My father, on the other hand, was very uptight about this stuff. You have people with limited experience or certain ideas, and they don’t want to be offended by something that’s going to mess with their views and make them think differently than they want to. The kind of people me and my friends would make fun of because they would be watching TV, get offended, and write a letter to the network saying, ‘I don’t like this.’

How do you define obscenity?

Mike Diana: I had to do a lot of soul-searching. When I was first going to my lawyer, we talked about my reasons for doing it to explain it to the jury. We talked about TV news – how it made me feel bad and want people to know what was going on. Knowing there are child molesters in the community and they just get away with it was offensive to me.
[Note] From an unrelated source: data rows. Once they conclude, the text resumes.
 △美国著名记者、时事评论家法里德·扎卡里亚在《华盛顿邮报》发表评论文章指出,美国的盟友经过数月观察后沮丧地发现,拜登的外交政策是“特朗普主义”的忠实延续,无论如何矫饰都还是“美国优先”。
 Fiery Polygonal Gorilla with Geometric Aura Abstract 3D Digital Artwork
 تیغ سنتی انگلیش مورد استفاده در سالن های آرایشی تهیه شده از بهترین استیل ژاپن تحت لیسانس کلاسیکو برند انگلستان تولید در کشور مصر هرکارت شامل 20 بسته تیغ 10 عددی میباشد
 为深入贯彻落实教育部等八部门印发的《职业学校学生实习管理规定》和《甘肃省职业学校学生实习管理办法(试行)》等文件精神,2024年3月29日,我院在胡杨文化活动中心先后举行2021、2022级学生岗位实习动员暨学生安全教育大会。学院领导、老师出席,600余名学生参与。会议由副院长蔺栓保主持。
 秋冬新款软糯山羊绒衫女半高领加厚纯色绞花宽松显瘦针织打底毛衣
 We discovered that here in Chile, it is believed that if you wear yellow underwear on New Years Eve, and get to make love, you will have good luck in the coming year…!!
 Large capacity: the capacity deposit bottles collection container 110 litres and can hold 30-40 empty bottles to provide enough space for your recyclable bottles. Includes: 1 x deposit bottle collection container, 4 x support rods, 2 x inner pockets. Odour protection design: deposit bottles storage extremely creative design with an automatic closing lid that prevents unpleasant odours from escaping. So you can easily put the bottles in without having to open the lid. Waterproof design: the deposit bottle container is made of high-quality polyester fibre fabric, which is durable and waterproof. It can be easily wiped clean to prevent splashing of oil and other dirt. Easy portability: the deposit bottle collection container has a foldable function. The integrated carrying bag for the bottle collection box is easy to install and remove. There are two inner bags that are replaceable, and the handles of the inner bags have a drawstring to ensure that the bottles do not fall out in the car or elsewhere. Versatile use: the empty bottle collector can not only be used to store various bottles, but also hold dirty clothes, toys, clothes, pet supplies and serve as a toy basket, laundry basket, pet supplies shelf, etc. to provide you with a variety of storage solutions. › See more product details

But as a child, you don’t really have a voice.

People’s closed-mindedness offended me. They just feel like they know everything, that their opinion matters and mine does not. I knew about the censorship of music with the PMRC, of horror films, and pornography. In Florida, you could go to a porn theatre but you can’t touch yourself or open your pants. I lived near the one where Pee Wee Herman was busted. Four undercover cops were sitting near him – that’s where our tax money goes – and when he pulled it out they pounded on him. The hypocrisy of people just made me crazy. Some people are empowered to have their own opinion, even though their opinion is about squashing other people’s views.
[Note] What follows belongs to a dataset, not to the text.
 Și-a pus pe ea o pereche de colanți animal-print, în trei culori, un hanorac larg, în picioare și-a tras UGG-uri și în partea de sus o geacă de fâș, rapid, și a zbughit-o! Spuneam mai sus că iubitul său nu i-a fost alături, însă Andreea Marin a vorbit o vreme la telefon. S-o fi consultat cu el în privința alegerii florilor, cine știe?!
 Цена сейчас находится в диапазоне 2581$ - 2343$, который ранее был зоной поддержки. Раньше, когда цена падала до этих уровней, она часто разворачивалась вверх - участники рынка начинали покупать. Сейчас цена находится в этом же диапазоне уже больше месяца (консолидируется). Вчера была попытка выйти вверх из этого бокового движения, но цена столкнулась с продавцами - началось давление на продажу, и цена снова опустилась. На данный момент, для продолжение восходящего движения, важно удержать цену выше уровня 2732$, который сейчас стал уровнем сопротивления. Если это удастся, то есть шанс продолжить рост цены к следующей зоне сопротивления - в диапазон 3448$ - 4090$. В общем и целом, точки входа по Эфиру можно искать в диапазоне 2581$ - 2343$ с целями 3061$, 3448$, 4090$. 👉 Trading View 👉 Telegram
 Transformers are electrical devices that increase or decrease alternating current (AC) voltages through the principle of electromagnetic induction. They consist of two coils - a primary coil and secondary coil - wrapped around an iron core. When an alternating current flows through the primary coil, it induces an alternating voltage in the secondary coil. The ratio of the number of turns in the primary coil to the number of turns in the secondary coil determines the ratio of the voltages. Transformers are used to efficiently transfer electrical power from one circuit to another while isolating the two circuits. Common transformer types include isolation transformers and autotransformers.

“Some people are empowered to have their own opinion, even though their opinion is about squashing other people’s views” – Mike Diana

Can you describe what it was like to finally be off probation as of February 2020?
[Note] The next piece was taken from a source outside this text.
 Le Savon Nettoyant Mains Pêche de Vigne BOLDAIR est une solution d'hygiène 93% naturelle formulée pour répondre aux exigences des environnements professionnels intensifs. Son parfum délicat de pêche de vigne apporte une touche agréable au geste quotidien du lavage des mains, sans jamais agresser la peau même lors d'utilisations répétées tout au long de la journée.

Mike Diana: When I was convicted, I was facing three years in jail but since I had no previous record, the judge gave me three years probation instead. One of the conditions was I wasn’t allowed to draw – or even have any pencils in my apartment because they could come in without a warrant to search for them. I was filing an appeal so we put the probation on hold until the outcome of the appeal, and I just decided to move to New York City in 1996 as my birthday gift to myself. The day after I arrived in New York my father called and told me the police were looking for me, just by coincidence. The appeal was denied – and they denied any further appeals.

Since I was already living in New York, they couldn’t extradite me on misdemeanour charges. They tried to switch my probation to New York and the probation officer laughed and said, ‘We can’t get involved in this.’ So the probation officer in Florida said they would let me do it by mail, and I could just send them the monthly $50 probation fee. I started getting behind and it was easy for me to say, ‘Screw it, I’m done.’ I snuck in and out of Florida a few times to visit my mother but I always felt like it was hanging over my head. So when we did the documentary [Boiled Angels: The Trial of Mike Diana], we had a Kickstarter and raised extra money just to pay the fine and my lawyer.

Can you tell us about your drawing of 9/11 for Death Book III?

Mike Diana: I was living in North Bergen, New Jersey at the time. At 9am, my neighbour knocked on my door and said that something had happened to the World Trade Center. We went up to the roof, because we had an amazing view of everything, and I saw an explosion which I later learned was the second plane. I didn’t realise I was somewhat traumatised from watching this horrible thing. I ended up doing a two-page comic for a 9/11 tribute by Dark Horse Press, and on the first anniversary, I did this drawing for Death Book III.

Can you speak about the significance of Death Book III in 2022, at a time when people are alternately consumed by grief or living in complete denial?

Mike Diana: One thing about humans is that they’re not going to stop reproducing. Most people are not going to say, ‘Well this world is too crappy for us to bring life into it.’ Even if we’re living in domes, people are going to do what they do. It’s a strange thing.

Death Book III is published by Baron Books and is out now.